Though an air traffic controller at Gil Hospital routinely comes to work at 6:30 a.m., he was away from his desk when the 7:30 a.m. call came on that fateful morning last month. “He was away from his seat for a short while to make preparations for the helicopter,” an official from the control center said.

And even after the 119 rescue service reached the helicopter control center at 7:46 a.m., Doctor Heli was unavailable for use, the official said.

According to the official, Doctor Heli is sent to Gimpo Airport during the night for maintenance and are on call starting at 8 a.m. from one of two locations: Munhak Sports Complex or a heliport at Incheon City Hall. Air traffic controllers are stationed at Gil Hospital and Mokpo Hankook Hospital, South Jeolla.

The Incheon helicopter control center finally received a call from Soya Community Health center at around 8:07 a.m. and made preparations to take off but canceled the flight after receiving word that Song had died.

Speedy transport to medical facilities is crucial in cases like Sohn’s, and his death has raised questions about the practicality of the government’s new air ambulance program, which was unable to help a man in a location it was specifically designed to reach.

In general, Doctor Heli only operates between 8:30 a.m. and 30 minutes before sunset. “As Doctor Heli is small in size, it can’t fly at night,” an Incheon City Government official explained.

The operating range of Doctor Heli is limited, too, and the helicopters can only reach areas within 50 kilometers (30 miles).
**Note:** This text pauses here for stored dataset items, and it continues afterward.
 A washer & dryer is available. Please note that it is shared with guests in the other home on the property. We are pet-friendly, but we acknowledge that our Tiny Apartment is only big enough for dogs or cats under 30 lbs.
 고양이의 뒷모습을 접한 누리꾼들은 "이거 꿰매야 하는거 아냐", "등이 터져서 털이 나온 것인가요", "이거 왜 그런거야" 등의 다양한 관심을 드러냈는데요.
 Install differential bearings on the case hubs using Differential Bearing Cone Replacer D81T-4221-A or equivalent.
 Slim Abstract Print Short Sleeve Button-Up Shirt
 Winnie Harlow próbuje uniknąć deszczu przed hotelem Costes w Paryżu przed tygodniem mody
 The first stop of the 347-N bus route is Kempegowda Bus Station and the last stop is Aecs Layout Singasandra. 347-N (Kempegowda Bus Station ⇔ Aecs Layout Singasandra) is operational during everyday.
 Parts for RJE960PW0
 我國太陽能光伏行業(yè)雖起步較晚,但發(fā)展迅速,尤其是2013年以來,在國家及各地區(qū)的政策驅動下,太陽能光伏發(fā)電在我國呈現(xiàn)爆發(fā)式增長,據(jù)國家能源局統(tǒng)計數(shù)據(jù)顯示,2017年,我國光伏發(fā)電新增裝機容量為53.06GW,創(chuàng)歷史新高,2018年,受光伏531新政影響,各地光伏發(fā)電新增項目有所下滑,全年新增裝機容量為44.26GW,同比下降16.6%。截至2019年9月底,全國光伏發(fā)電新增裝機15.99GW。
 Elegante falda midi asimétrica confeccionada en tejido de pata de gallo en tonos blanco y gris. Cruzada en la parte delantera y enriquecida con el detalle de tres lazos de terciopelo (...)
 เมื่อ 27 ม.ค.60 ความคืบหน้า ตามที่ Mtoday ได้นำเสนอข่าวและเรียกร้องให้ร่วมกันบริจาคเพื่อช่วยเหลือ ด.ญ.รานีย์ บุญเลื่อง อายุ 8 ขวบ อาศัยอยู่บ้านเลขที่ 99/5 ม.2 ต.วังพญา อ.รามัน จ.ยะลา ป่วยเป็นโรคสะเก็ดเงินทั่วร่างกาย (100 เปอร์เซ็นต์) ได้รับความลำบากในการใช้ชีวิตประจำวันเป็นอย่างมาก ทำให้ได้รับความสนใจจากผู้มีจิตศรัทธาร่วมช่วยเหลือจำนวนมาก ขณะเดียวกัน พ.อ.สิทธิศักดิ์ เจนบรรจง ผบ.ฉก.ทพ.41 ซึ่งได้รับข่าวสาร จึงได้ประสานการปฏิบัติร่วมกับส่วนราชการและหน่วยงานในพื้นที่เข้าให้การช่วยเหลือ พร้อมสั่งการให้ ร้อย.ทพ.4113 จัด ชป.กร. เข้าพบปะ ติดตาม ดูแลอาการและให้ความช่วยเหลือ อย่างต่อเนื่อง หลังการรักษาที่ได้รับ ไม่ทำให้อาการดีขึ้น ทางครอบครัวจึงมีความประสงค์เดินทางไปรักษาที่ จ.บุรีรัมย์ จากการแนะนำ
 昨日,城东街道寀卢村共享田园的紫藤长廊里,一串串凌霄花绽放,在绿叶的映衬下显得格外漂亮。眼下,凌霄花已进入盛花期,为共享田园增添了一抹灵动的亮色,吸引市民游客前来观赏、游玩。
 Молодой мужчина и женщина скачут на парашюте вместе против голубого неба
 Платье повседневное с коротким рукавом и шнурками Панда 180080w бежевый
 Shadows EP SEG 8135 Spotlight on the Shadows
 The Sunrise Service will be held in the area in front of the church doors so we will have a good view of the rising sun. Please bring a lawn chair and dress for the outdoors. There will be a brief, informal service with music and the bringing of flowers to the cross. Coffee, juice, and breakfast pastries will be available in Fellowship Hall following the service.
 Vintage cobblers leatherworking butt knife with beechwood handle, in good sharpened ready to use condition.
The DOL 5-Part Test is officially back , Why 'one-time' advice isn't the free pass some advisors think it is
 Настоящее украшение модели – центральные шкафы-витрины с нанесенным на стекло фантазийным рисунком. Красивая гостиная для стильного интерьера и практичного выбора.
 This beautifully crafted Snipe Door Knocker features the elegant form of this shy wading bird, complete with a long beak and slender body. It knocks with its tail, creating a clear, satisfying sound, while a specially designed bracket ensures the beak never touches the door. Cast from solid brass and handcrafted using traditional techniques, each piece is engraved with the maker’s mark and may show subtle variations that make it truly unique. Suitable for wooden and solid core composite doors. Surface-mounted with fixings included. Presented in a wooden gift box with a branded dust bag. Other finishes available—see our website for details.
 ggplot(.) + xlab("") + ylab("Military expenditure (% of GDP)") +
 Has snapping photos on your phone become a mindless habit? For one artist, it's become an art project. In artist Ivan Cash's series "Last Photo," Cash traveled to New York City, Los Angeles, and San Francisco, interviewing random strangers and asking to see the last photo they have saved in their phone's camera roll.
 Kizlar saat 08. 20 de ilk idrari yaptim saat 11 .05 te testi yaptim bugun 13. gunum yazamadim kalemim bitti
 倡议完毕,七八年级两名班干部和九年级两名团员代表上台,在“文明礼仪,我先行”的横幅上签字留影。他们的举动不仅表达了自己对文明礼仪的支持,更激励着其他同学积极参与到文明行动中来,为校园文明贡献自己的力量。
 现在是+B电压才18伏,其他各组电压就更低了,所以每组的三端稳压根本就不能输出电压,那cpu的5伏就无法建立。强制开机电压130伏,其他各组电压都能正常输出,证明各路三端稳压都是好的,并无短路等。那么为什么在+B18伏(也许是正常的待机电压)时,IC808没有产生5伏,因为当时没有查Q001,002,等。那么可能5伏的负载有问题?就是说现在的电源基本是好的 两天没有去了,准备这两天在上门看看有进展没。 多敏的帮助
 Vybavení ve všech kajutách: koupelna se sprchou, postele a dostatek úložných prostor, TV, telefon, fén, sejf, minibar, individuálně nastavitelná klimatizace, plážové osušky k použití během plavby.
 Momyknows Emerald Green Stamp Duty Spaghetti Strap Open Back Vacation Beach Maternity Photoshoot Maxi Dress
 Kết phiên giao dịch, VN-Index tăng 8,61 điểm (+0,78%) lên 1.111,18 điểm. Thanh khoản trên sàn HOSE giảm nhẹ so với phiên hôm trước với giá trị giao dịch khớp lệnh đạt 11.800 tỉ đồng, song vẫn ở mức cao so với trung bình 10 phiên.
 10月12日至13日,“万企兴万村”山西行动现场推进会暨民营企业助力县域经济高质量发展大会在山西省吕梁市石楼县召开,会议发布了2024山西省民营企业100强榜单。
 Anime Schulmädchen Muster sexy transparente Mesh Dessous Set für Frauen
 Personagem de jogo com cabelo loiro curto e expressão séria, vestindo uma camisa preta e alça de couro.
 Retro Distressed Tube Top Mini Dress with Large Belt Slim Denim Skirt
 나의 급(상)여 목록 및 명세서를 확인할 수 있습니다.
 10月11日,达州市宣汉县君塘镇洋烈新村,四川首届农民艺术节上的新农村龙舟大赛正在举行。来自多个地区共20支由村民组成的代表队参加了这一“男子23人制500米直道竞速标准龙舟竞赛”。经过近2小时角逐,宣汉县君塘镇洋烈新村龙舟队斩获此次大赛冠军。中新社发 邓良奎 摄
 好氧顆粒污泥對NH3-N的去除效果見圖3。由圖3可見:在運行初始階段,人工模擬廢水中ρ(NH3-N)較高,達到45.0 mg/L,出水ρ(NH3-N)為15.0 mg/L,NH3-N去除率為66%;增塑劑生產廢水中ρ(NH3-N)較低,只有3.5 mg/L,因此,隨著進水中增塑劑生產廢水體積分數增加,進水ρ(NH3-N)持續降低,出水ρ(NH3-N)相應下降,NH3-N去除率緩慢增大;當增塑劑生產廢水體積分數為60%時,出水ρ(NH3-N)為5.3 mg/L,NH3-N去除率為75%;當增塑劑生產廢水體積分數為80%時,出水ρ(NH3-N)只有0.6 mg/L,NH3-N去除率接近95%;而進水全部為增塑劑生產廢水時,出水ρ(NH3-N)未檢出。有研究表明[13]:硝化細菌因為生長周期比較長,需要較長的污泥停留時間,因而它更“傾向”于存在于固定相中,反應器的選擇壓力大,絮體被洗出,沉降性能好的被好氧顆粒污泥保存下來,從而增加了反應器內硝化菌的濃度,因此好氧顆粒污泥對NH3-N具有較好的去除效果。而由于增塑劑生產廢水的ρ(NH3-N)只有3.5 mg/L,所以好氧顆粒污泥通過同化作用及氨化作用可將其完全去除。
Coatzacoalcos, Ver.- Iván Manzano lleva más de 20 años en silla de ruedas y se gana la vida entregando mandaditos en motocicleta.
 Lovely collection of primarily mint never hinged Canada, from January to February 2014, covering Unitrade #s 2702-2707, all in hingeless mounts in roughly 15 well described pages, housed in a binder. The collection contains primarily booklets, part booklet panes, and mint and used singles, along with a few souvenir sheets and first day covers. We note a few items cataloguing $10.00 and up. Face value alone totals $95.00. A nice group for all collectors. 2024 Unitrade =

This means that residents of Baengnyeong and Yeonpyeong islands cannot use the service.

Gil Min-su, a director of health policy for Incheon, said adjustments to the program would be considered. “We’ll discuss with the government expanding the operating time of Doctor Heli from sunrise to sunset and plan to establish a system of transferring emergency patients with helicopters from the Coast Guard and rescue services.”

But, of course, these measures are too late for Sohn, whose caregivers said the delays were detrimental to his care. “If the patient was transferred to a hospital on the mainland as soon as possible, we could have saved his life,” a staff member at the Soya clinic said.